Google_small.csv - Read 201 lines, successfully parsed 200 lines, failed to parse 0 lines
Google.csv - Read 3227 lines, successfully parsed 3226 lines, failed to parse 0 lines
Amazon_small.csv - Read 201 lines, successfully parsed 200 lines, failed to parse 0 lines
Amazon.csv - Read 1364 lines, successfully parsed 1363 lines, failed to parse 0 lines

我们跑这段代码看看数据长什么样子。

for line in googleSmall.take(3):
    print 'google: %s: %s\n' % (line[0], line[1])

for line in amazonSmall.take(3):
    print 'amazon: %s: %s\n' % (line[0], line[1])
google: http://www.google.com/base/feeds/snippets/11448761432933644608: spanish vocabulary builder "expand your vocabulary! contains fun lessons that both teach and entertain you'll quickly find yourself mastering new terms. includes games and more!" 

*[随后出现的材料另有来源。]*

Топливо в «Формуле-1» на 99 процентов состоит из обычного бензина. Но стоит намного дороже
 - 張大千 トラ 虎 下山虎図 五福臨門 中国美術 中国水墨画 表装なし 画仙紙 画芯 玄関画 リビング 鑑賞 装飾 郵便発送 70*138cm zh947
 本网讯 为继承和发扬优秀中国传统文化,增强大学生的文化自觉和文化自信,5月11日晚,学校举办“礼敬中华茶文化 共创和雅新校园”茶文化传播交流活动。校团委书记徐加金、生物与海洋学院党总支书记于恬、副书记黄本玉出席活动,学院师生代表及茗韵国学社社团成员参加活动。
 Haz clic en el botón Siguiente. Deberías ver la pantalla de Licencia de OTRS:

google: http://www.google.com/base/feeds/snippets/8175198959985911471: topics presents: museums of world "5 cd-rom set. step behind the velvet rope to examine some of the most treasured collections of antiquities art and inventions. includes the following the louvre - virtual visit 25 rooms in full screen interactive video detailed map of the louvre ..." 

google: http://www.google.com/base/feeds/snippets/18445827127704822533: sierrahome hse hallmark card studio special edition win 98 me 2000 xp "hallmark card studio special edition (win 98 me 2000 xp)" "sierrahome"

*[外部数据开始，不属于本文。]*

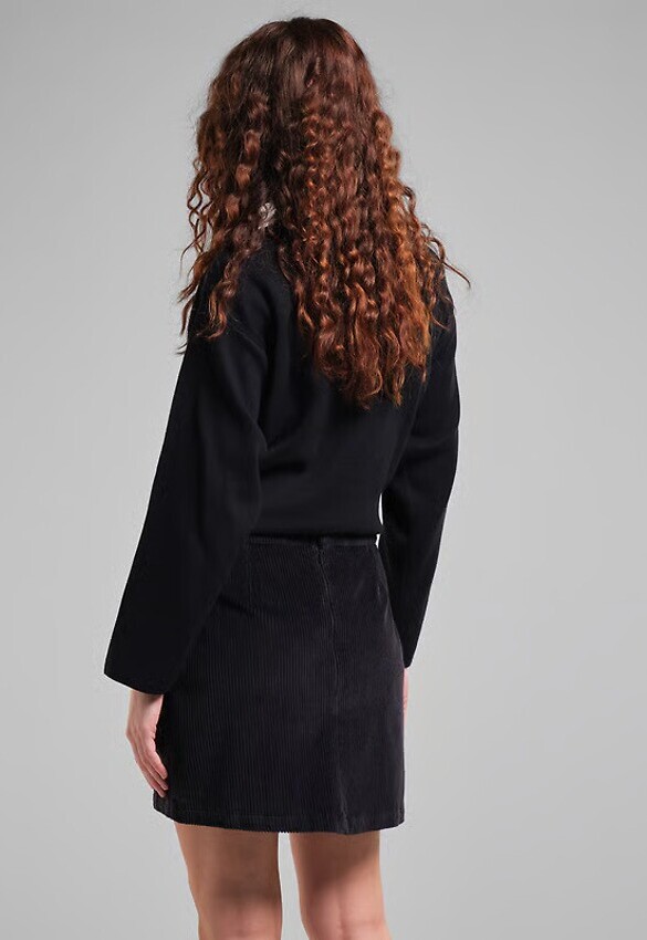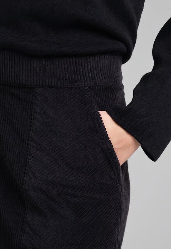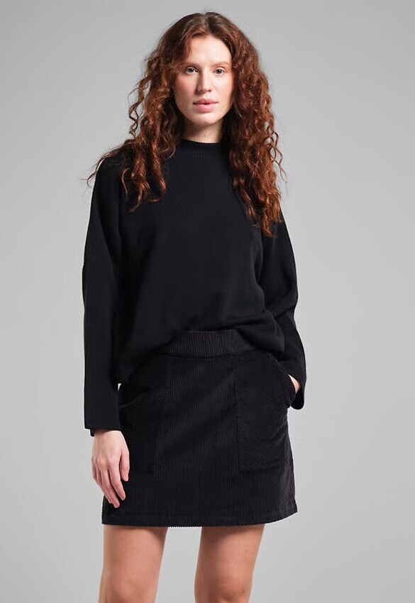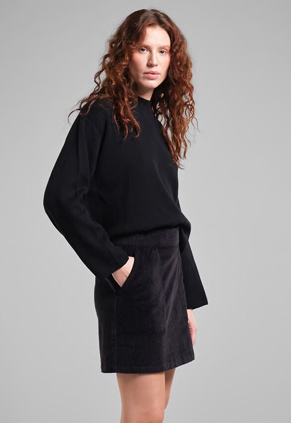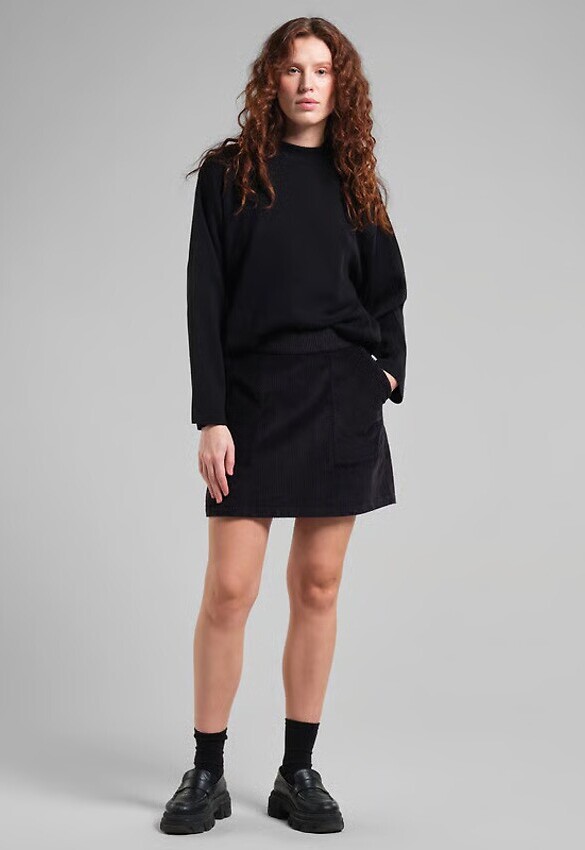 Kurzer A-Linien-Rock aus Bio-Baumwollcord. Normale Passform mit elastischem Bund und unsichtbarem Reißverschluss auf der Rückseite. Zwei große aufgesetzte Taschen vorne.

amazon: b000jz4hqo: clickart 950 000 - premier image pack (dvd-rom)  "broderbund"

amazon: b0006zf55o: ca international - arcserve lap/desktop oem 30pk "oem arcserve backup v11.1 win 30u for laptops and desktops" "computer associates"

amazon: b00004tkvy: noah's ark activity center (jewel case ages 3-8)  "victory multimedia"

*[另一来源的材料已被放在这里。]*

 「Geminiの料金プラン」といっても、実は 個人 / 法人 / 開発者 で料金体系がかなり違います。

Part 1 ER as Text Similarity - Bags of Words

我们在解析实体的时候,经常把所有的记录都当成字符串来处理,然后计算它们的相似度。这里我们用bag of words的方法。这个在文本分析中是简单且有效的方法。其主要思想是,把一个文档当作是没有顺序的word的合集,或者是tokens的合集。token是我们分解完文档后的最小单位,它可能是单词,数字,缩写等等。

当我们比较两个文档的相似度的时候,我们会看看这两个文档有多少个共同的token。而且当我们用关键词搜索文档时,我们可以直接看转换后的文档是否含有这个key。这个方法的优点就是,它对单词顺序和标点符号存在一定的鲁棒性。

Tokenize a String

下面是开始了作业部分了,注释里面含有TODO的,就表示这个功能要我们实现。我们要实现的函数是把一个String转换为一个token的list,要注意的是,把所以的token转换为小写。

# TODO: Replace <FILL IN> with appropriate code
quickbrownfox = 'A quick brown fox jumps over the lazy dog.'
split_regex = r'\W+'

def simpleTokenize(string):
    """ A simple implementation of input string tokenization
    Args:
        string (str): input string
    Returns:
        list: a list of tokens
    """
    return [x for x in filter(lambda x:len(x) > 0, re.split(split_regex,string.lower()))]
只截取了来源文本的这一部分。